José Pio Martins (*)
O livro O Capital no Século XXI, de autoria do economista francês Thomas Piketty, está entre os livros mais badalados e mais vendidos dos últimos anos.
A obra causou furor no mundo inteiro, suscitou discussões intensas e, segundo dizem por aí, tornou-se um dos livros mais vendidos no planeta e um dos menos lidos. É um pouco o que aconteceu com O Capital, de Karl Marx, obra-prima dos socialistas. É um dos livros mais possuídos e um dos menos lidos da história humana.
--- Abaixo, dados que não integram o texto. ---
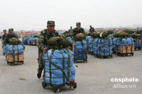 圖:中國空軍向四川災區(qū)空投帳篷成功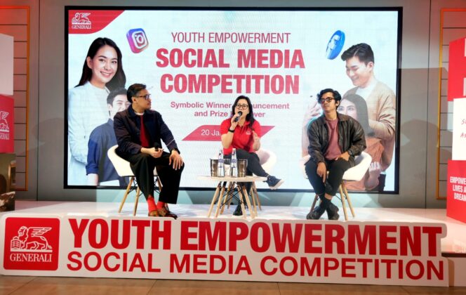 Chief Product Management and Marketing Officer Generali Indonesia, Jong Wie Siu (tengah) dan Digital Creator and Al Tech Educator sekaligus juri kompetisi, Ajazil Hawaris (kanan) saat menyampaikan ulasan seputar Youth Empowerment Social Media Competition, sebuah inisiatif yang mengajak generasi muda dan content creator untuk menciptakan konten edukasi keuangan, khususnya terkait pentingnya proteksi asuransi.
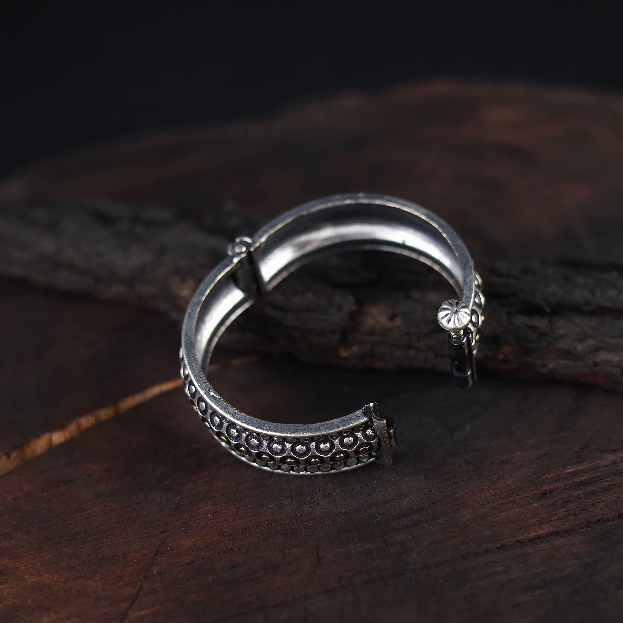 This german silver-plated handcrafted bracelet/kada features intricate oxidised detailing and a timeless antique finish. With its elegant yet durable design, it pairs beautifully with festive Indian attire and everyday fusion looks. A graceful fusion of tradition and modernity, it also makes a thoughtful gift for special occasions.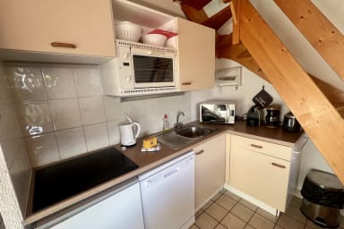 La salle de douche fonctionnelle et la cuisine entièrement équipée vous permettront de profiter pleinement de votre séjour.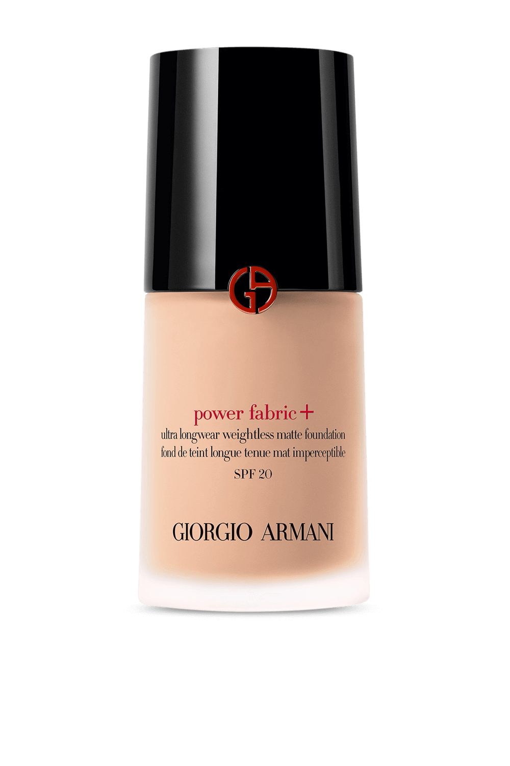 מייקאפ 4.85 POWER FABRIC מבית Armani Beauty, במרקם קליל ובגימור מאט בעל הגנת SPF20 לעור הפנים. 30 מיל.

Mas por que razão o livro de Piketty fez e continua fazendo tanto sucesso? A razão é facilmente identificável. Ele produziu um calhamaço de 669 páginas (na versão em português) em letra miúda para mostrar, numa linguagem recheada de pesquisas e estudos de bom nível, uma questão simples: se a taxa de retorno líquido do capital for superior à taxa de crescimento da economia, haverá aumento da relação entre capital e renda nacional.
Explicando: se o rendimento líquido do capital for, por exemplo, 5% ao ano e o crescimento da renda nacional for 2%, haverá concentração da riqueza (renda nacional é igual ao produto nacional, e os termos riqueza e capital são equivalentes). Deixando tecnicalidades de lado, Piketty quis provar que a tendência é o aumento da desigualdade entre a renda do trabalho e a renda do capital.
Aumento de desigualdade não é igual a aumento de pobreza. Se a renda de um país cresce de forma que até o mais pobre dos habitantes eleve seu padrão de vida, o aumento da desigualdade não aumenta a pobreza. Mas, afora essa questão, Piketty argumenta que no futuro os ativos do mundo (expressão equivalente a patrimônio e riqueza) poderão ampliar a desigualdade entre os que possuem e os que não possuem nada.
O diagnóstico tem sentido. O equívoco está na solução proposta por Piketty. Ele propõe duas medidas. A primeira medida seria a criação de uma alíquota de 80% de imposto de renda para rendimentos acima de determinada faixa. A segunda seria uma espécie de CPMF (um imposto sobre patrimônio) sobre a posse de ativos em todo o mundo. A proposta é tão ingênua quanto ineficiente.
O erro está numa questão fundamental: estranhamente, Piketty acredita que a montanha de dinheiro carreada para os cofres públicos com sua proposta iria para os pobres do mundo. Ora, o Estado racional, eficiente e bondoso só existe nos livros. Na vida real, quando há elevação de tributo, o Estado paga primeiramente a si mesmo, aumentando gastos com os funcionários que o tripulam e com os políticos que o manipulam. Somente uma fatia menor vai para os pobres, longe de reduzir as desigualdades na proporção do que é arrecadado.
Uma segunda parte do dinheiro sumirá nos escaninhos da corrupção. Uma terceira parte irá pagar o inchaço da máquina estatal com os salários acima do setor privado, as aposentadorias e pensões generosas que os pagadores de impostos nunca terão. Uma quarta parte será desperdiçada na ineficiência gerencial dos serviços públicos. Quem mostra que o governo é concentrador de renda é o Instituto de Pesquisa Econômica Aplicada (Ipea), órgão do governo federal, portanto insuspeito.
Não se trata de um problema de pessoas. O problema é o sistema. O Estado não é racional, não é eficiente, não é bondoso e não é isento. Se o problema do mundo é a concentração da riqueza, melhor seria democratizar a propriedade por meio de um sistema de distribuição de quotas de capital diretamente aos trabalhadores, sem passar pelo orçamento do governo. Esse é o debate que eu gostaria de fazer.
(*) – Economista, é reitor da Universidade Positivo.